HIV from sharps injury

It is becoming increasingly common to downplay or overlook completely the possibility of bloodborne virus infection after sharps injury or other blood or bloodstained body fluid exposure.

The low incidence of recorded infection leads to a false sense of security. Sharps injury and other exposures continue to occur though in the absence of any proven infections the link might seem to be somewhat tenuous. However, it is the very problem of recognition of infections which may become apparent long after exposure, for workers on short term contracts or casual employment possibly through an agency.

Who makes the link? Where workers are mobile, passing through not only many employers but in many different sectors the link to exposure through clinical wastes is sometimes impossible to identify. This, together with attempts by Environment Agency to down-regulate many clinical wastes based on the broadest generalisations of risk.

What is required is a wholesale shift to properly risk-based segregation based on and supporting the CDC Universal and Standard Precautions. This more meaningful risk assessment basis would categorise bloodstained wastes as hazardous by risk of infection with most other wastes more logically down-regulated as less hazardous wastes.

To highlight the potential risk, there is now a report of three more HIV seroconversions:

Upjohn LM, Stuart RL, Korman TM, Woolley IJ. New HIV diagnosis after occupational exposure screening: the importance of reporting needlestick injuries. Internal Medicine Journal. 2012; 42(2):202-4

These authors describe 3 new diagnoses of HIV infection as a direct result of testing following occupational exposures (NSIs) in a low-prevalence setting. In each case the finding was unexpected. This series provides a reminder of the importance of prompt reporting of NSIs by healthcare workers, access to rapid HIV testing and post-exposure prophylaxis with antiretrovirals to prevent transmission.

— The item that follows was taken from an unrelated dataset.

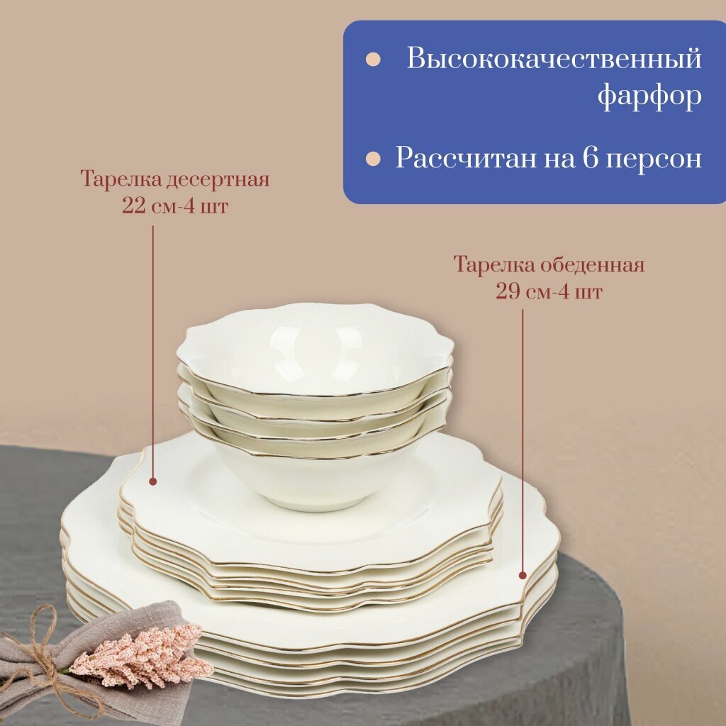 Столовый набор на 4 персоны 12 предметов Nouvelle "Belle" тарелки 27см, 21см, салатники 15см, фарфор интересное:
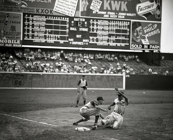 Another great photo of Musial at Sportsman’s Park in St. Louis as he slides safely into third base. Much like the photo of Musial fielding a ball a few photos up, I love footage of sluggers from the Golden Age of Baseball on the base paths for the same reason.

The impending introduction of safety sharps will help healthcare professionals reduce the incidence of sharps injury but is unlikely to help waste handlers and ancillary staff.

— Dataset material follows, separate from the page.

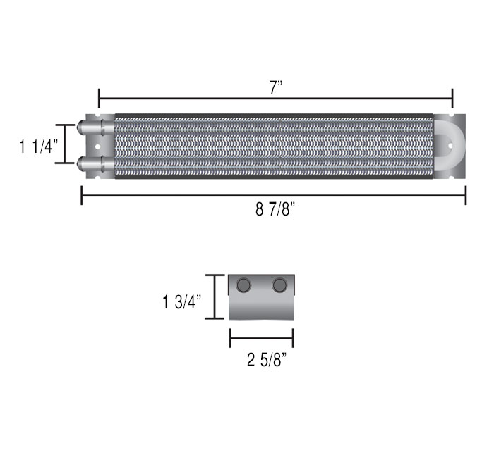 This small 2 pass fluid copper/aluminum cooler features -6AN fittings, extruded plastic fin edge guards and a black powdercoat finish for long lasting durability. It also includes mounting brackets at each end and is ideal for fuel or power steering cooling as well as auxiliary transmission cooling.

Exposures will continue to occur; many go almost unnoticed and reporting will be far less than 100%. The response in A&E will be sometimes helpful though more commonly slow and sometimes dismissive despite knowledge of the risks involved.

Waste handlers should attend A&E for any sharps injury or blood/bloodstained body fluid exposure involving broken skin or splashes to face and eyes. Do not be fobbed off with a long wait for a trivial incident. If post-exposure prophylaxis is required, hours make a huge difference in its efficacy and it will sometimes be necessary to make a fuss in order to get seen, first by the A&E staff and then by an Infectious Diseases specialist.